6 Comments on “There Is Nowhere To Be But Here

  1. “There is nowhere to be but here” is an interesting perspective on our current state of affairs. The title is great – there truly is nowhere to be but here. Paralyzing as that might sound.

    I’ve been thinking a lot about the definition of adaptability, which is the capacity to show flexibility, openness and a willingness to respond to unanticipated events. As opposed to wanting life to be as it was before.

    Recently I’ve been hearing from many associates they are “tired of zooming,” tired of not being with flesh-and-blood people. So the fatigue of wrestling with parking tickets we didn’t “earn” makes it challenging to think, “I will cheerfully deal with this bureaucracy.”

    But I have tried to cheerfully deal recently, and I hope I can do it more often. I was never entitled to the life we had before. I feel entitled to it, but that’s not reality.

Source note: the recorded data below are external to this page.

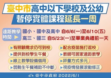 台中市高中以下學校原訂暫停實體課程至6月2日止,並改採遠距教學,公幼部分暫停實體教學,私幼則開放與家長協商後自行決定停課與否。經台中市政府教育局聽取七大家長團體意見後,台中市長盧秀燕今(1)日再宣布「停課不停學」措施,決定於端午節連假過後再延一週,從6月6日至10日止暫停實體教學,後續將視疫情發展再滾動檢討。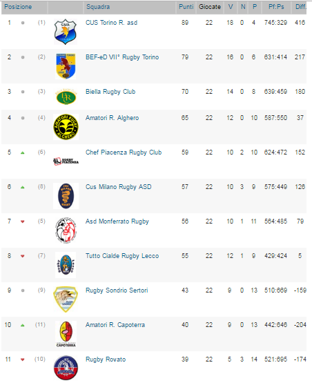 Cus Torino e VII° Torino erano già da tempo qualificate ai play-off promozione. L’unico altro verdetto da emettere riguardava l’ultima retrocessione in Serie C. Rovato, pur battendo Lecco in trasferta, non è riuscita a ottenere il pass, superata di un punto dal Capoterra che è riuscito a battere (col punto di bonus) un VII° Torino ormai senza più stimoli. A scendere di categoria sono dunque Rovato e Cogoleto.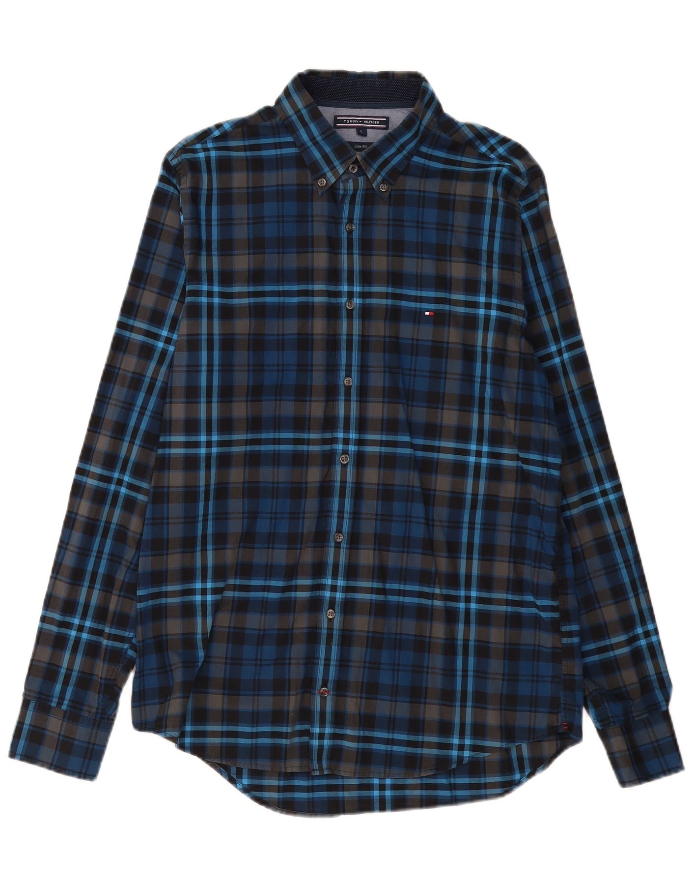 TOMMY HILFIGER Мужская рубашка приталенного кроя, большой размер, темно-синяя клетка, хлопок

    • Thanks, Kathy. Openness is one of the Big Five personality traits: openness, conscientiousness, extroversion, agreeableness, neuroticism, and I agree with you on how useful being adaptable is, as in “go with the flow,” “roll with the punches” and other popular sayings.

  2. I found the two approaches in this latest piece quite engrossing. Most of the points I could easily relate to, some not so much, and a few a bit challenging.
    Thank you for your candidness and positivity. John

    • I am so happy you found useful information in this blog. I would be interested in what was a challenge for you, if you are inclined to share that.
      be well
      Maude

  3. Hi Maude and Phil,
    As always I am enjoying your weekly articles and sharing them with family and loved ones. We always find a fascinating conversation to be had within.
    Here is today’s note with my best friend in Bath England. One of our conversation threads has been the examining of life’s choices for ourselves and our daughters under the Covid magnifying glass.

    ” One of the most unexpected effects is that I realize I am more aware in many ways of being in the present moment. This may in part be a defense mechanism to all the outer tensions that have built up. The sensation of hunkering in place has somehow also brought out the feeling of being in the now stronger than ever. ”

    The pandemic, global as it is, has brought a microscope onto each of us.
    We are all adrift in our own worlds, examining and re-examining our lives.